Problem statement:
For the entries that follow, retype exactly the lines from the one containing "Faux Rabbit Fur" to the one containing "Kävimme eilen mökillä", inclusive, and only those. Images stay out of the copy.

Data for this exercise:

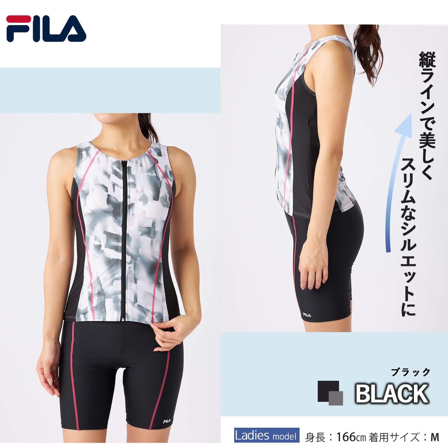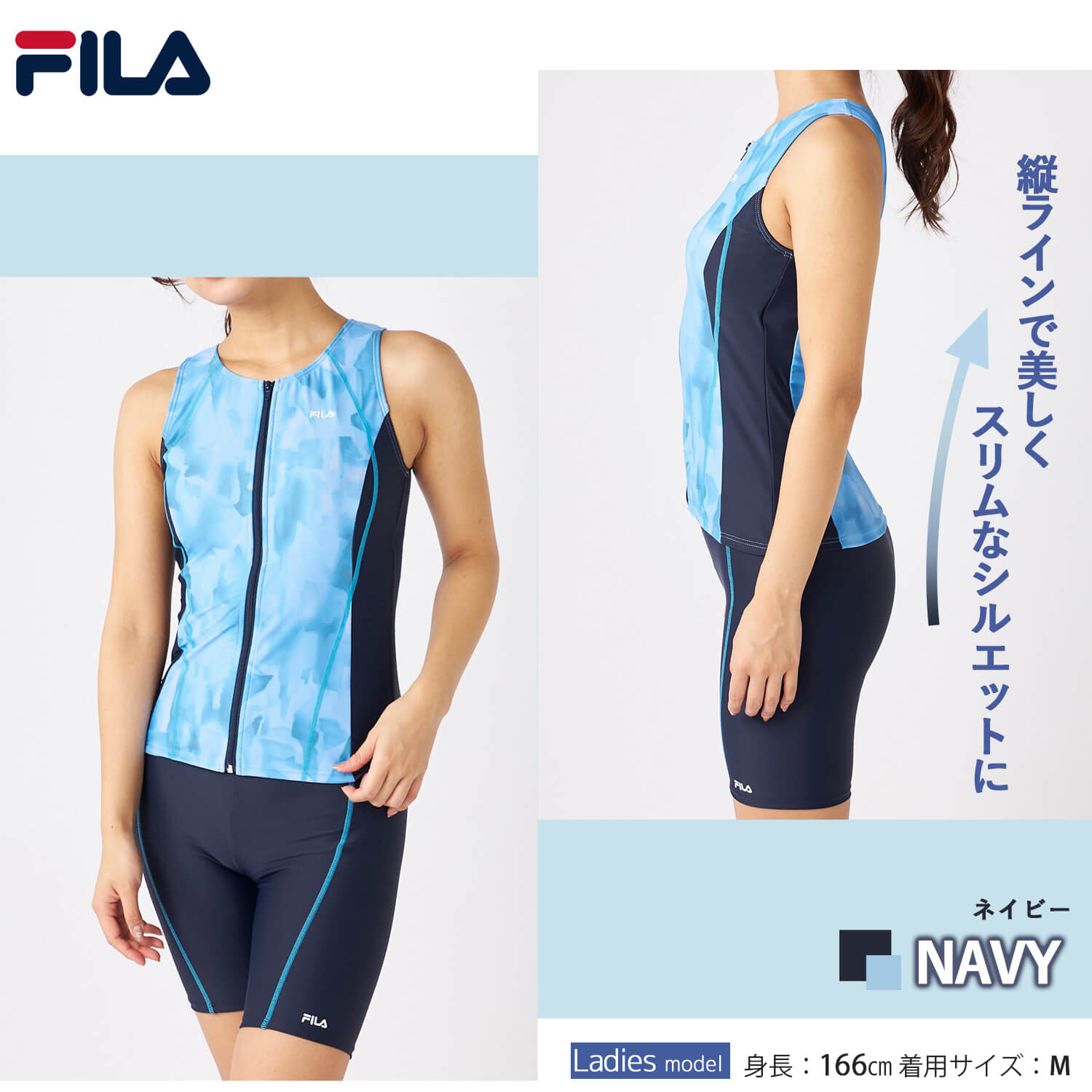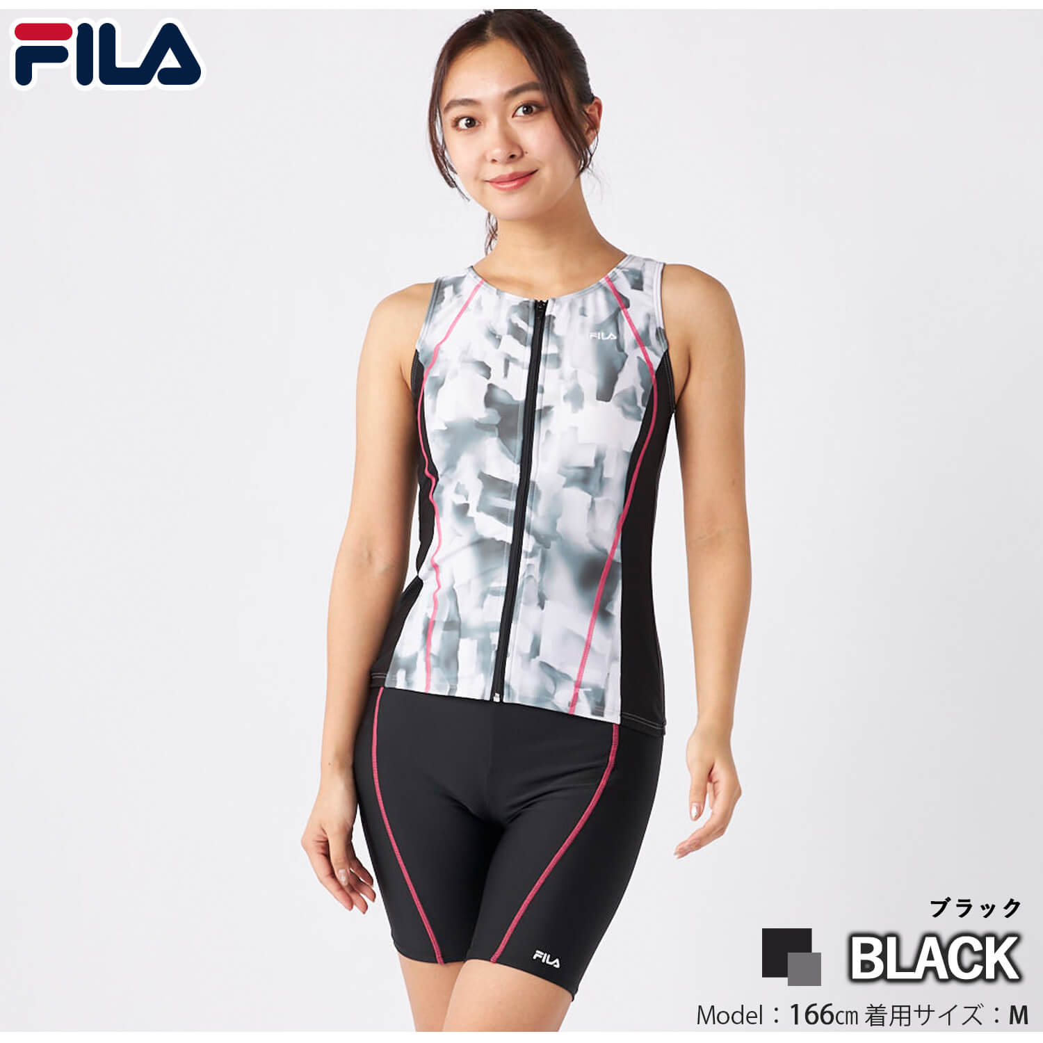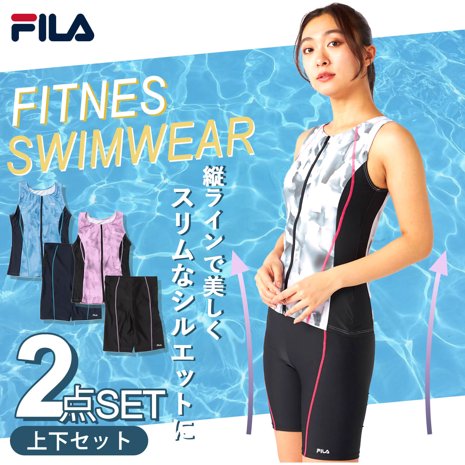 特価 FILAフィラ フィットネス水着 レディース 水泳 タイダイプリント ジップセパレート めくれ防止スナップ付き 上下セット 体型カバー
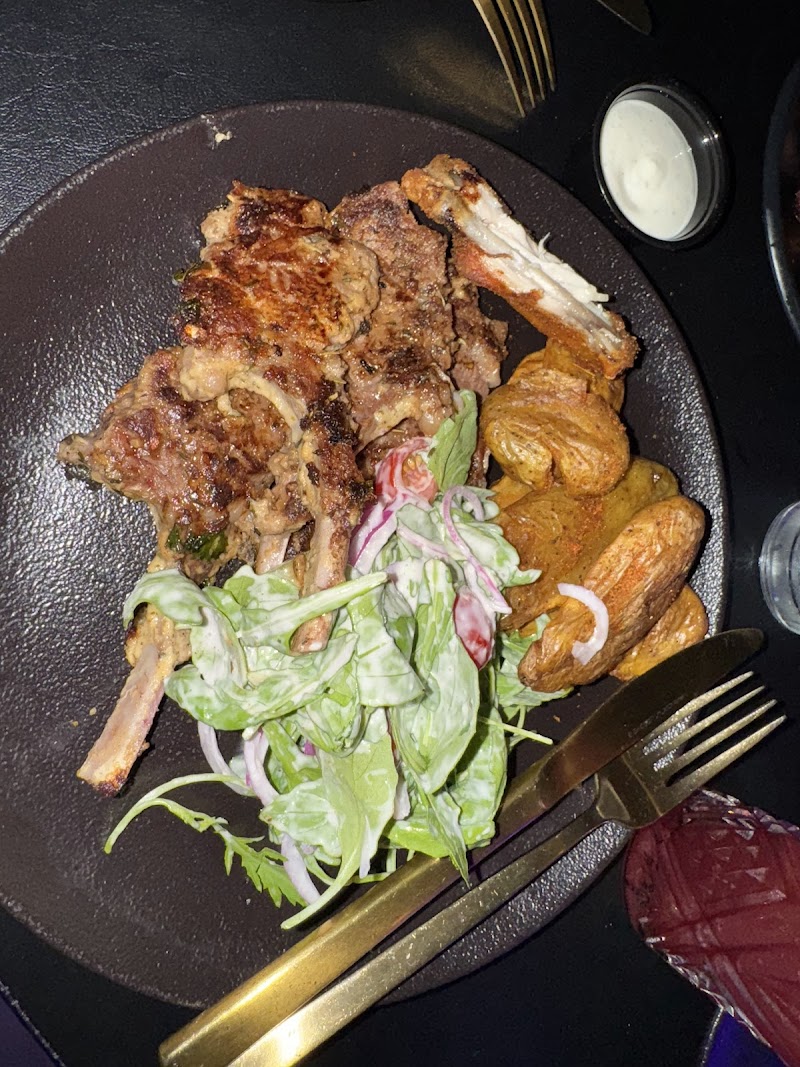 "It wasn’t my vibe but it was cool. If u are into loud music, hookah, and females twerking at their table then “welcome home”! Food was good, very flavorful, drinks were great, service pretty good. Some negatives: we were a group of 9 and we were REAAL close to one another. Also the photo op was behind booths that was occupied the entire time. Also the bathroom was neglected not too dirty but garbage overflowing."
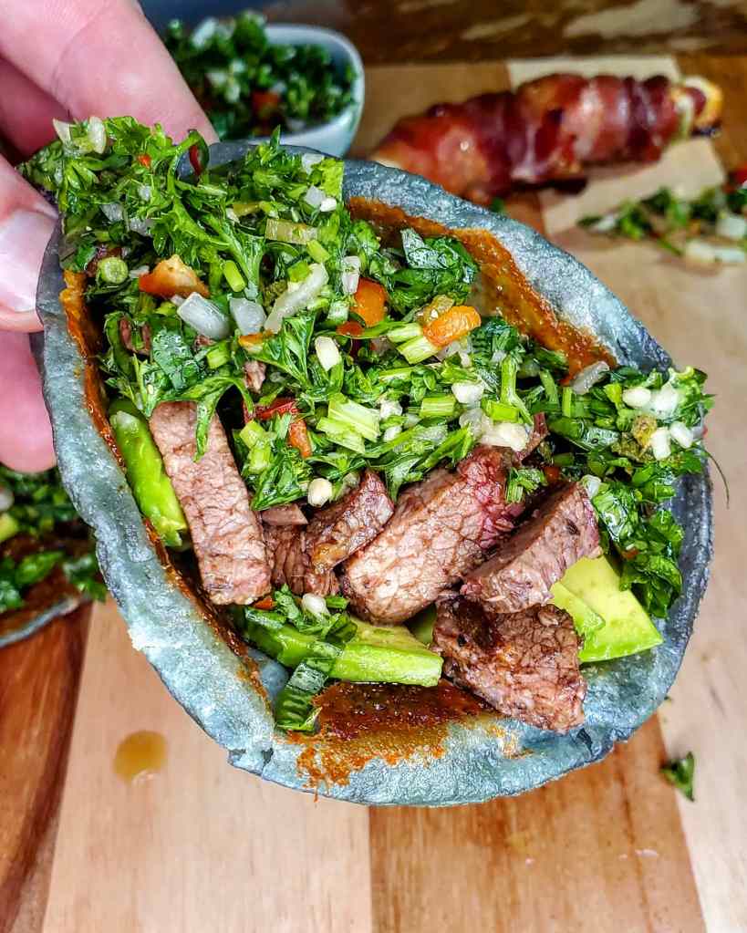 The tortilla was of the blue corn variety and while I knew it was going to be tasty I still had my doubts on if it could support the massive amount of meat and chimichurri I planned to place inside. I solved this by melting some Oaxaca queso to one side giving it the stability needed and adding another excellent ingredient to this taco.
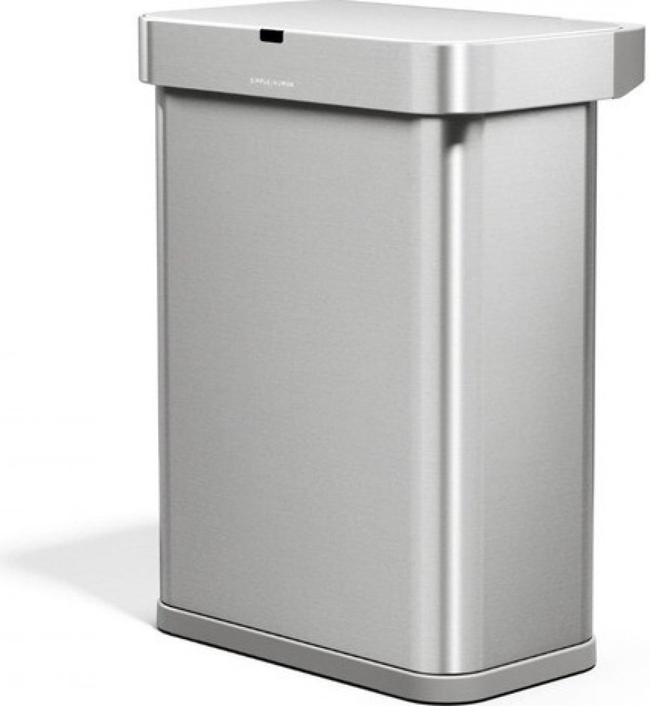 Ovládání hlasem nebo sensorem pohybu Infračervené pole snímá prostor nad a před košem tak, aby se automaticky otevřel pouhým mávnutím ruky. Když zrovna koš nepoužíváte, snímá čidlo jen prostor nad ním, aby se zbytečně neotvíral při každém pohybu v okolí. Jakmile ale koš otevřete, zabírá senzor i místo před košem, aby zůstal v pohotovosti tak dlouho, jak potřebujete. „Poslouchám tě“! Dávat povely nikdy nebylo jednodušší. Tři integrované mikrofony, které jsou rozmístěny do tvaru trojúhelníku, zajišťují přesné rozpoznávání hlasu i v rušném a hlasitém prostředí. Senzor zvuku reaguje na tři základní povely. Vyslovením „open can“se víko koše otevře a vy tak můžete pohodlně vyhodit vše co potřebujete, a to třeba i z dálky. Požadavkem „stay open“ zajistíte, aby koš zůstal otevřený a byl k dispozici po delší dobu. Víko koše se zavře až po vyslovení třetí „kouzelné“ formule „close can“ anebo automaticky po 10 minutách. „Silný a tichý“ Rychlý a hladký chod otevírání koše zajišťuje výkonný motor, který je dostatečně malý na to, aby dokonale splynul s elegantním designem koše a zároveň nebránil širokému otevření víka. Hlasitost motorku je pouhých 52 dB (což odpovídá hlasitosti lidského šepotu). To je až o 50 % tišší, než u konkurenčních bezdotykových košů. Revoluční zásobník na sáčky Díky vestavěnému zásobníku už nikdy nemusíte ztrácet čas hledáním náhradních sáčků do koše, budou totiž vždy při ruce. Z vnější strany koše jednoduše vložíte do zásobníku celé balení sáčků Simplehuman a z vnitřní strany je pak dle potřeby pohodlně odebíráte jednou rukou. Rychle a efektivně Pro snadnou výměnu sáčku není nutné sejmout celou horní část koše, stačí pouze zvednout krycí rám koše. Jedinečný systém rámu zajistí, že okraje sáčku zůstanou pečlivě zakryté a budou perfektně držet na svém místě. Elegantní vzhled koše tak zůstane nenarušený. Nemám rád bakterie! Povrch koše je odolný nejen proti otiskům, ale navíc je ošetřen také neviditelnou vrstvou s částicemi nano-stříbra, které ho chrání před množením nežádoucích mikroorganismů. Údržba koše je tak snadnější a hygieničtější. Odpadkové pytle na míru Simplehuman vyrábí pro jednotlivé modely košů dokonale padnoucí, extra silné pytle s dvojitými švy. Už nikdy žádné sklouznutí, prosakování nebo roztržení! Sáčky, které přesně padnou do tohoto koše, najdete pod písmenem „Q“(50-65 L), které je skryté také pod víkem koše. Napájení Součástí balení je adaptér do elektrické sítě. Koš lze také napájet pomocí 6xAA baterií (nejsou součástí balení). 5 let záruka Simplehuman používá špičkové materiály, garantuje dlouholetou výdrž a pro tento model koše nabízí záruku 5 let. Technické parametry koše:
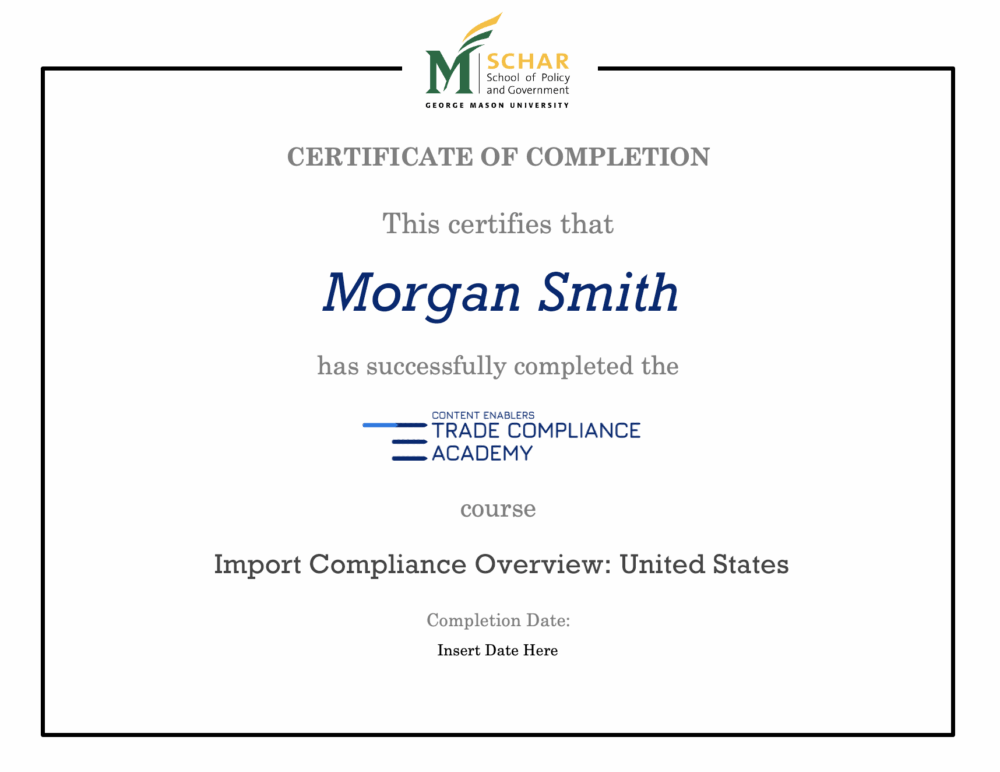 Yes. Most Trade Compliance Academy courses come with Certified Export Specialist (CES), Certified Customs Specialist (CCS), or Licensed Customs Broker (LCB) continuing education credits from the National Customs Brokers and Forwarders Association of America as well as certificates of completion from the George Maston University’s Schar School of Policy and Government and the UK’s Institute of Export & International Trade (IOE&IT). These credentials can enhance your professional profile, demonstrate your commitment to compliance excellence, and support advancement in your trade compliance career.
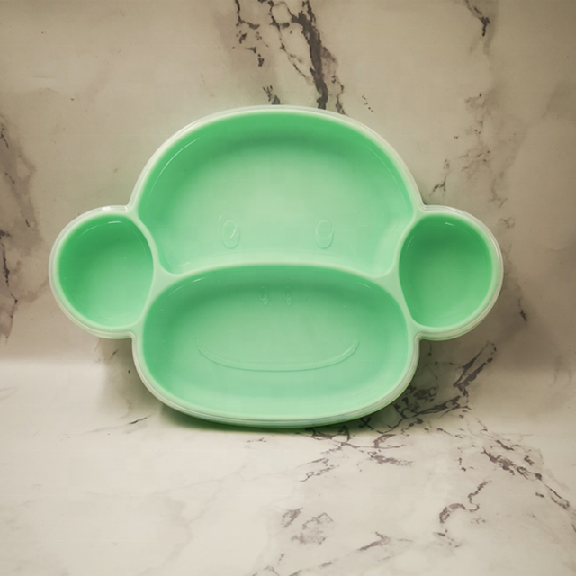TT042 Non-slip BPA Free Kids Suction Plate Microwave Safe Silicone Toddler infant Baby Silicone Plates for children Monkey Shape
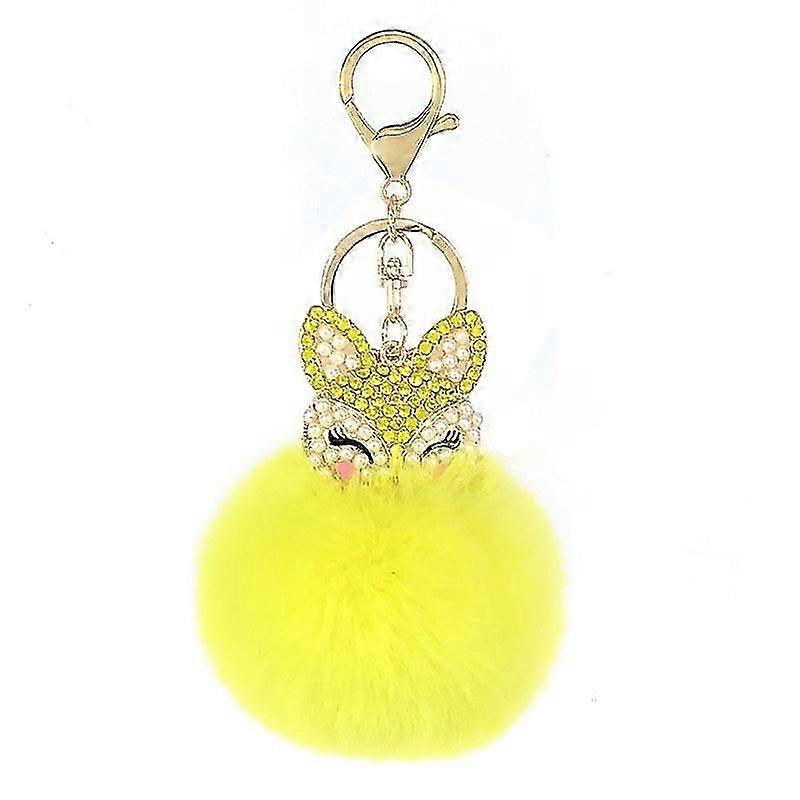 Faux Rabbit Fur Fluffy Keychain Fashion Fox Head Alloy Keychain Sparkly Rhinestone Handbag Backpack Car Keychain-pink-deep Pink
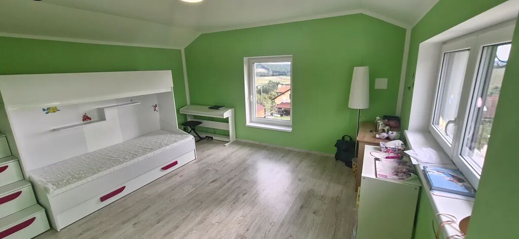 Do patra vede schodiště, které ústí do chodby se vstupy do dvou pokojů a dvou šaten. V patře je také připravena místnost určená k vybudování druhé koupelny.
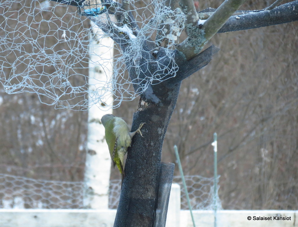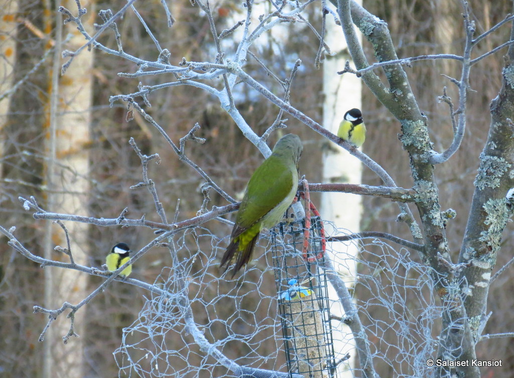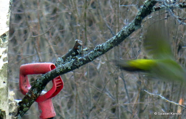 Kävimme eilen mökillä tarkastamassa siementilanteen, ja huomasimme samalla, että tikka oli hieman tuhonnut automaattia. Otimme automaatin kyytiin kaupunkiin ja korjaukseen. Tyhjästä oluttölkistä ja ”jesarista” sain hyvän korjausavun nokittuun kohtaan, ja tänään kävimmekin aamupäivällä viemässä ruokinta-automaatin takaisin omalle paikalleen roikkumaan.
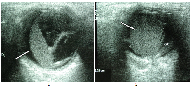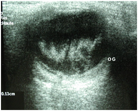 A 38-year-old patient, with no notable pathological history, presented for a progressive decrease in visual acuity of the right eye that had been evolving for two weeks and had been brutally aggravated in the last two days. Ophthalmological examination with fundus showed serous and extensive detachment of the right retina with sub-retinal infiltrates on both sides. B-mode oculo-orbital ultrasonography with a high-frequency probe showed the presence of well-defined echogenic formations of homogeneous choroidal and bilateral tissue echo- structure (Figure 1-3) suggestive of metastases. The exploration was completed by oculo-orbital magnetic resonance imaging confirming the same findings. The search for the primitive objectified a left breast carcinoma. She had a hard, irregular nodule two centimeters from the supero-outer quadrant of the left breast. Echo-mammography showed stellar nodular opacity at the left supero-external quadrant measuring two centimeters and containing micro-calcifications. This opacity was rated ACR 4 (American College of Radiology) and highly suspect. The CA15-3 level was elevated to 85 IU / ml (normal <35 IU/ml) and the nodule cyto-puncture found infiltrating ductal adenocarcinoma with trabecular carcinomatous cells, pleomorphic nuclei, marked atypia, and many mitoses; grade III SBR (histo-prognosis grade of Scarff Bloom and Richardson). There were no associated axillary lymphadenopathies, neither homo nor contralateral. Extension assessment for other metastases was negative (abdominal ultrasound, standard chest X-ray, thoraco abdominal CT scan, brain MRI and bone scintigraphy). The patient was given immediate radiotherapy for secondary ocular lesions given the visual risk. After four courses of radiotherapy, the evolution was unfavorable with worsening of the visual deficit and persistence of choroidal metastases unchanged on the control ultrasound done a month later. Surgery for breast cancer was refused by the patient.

Problem solution:
 Faux Rabbit Fur Fluffy Keychain Fashion Fox Head Alloy Keychain Sparkly Rhinestone Handbag Backpack Car Keychain-pink-deep Pink
 Do patra vede schodiště, které ústí do chodby se vstupy do dvou pokojů a dvou šaten. V patře je také připravena místnost určená k vybudování druhé koupelny.
 Kävimme eilen mökillä tarkastamassa siementilanteen, ja huomasimme samalla, että tikka oli hieman tuhonnut automaattia. Otimme automaatin kyytiin kaupunkiin ja korjaukseen. Tyhjästä oluttölkistä ja ”jesarista” sain hyvän korjausavun nokittuun kohtaan, ja tänään kävimmekin aamupäivällä viemässä ruokinta-automaatin takaisin omalle paikalleen roikkumaan.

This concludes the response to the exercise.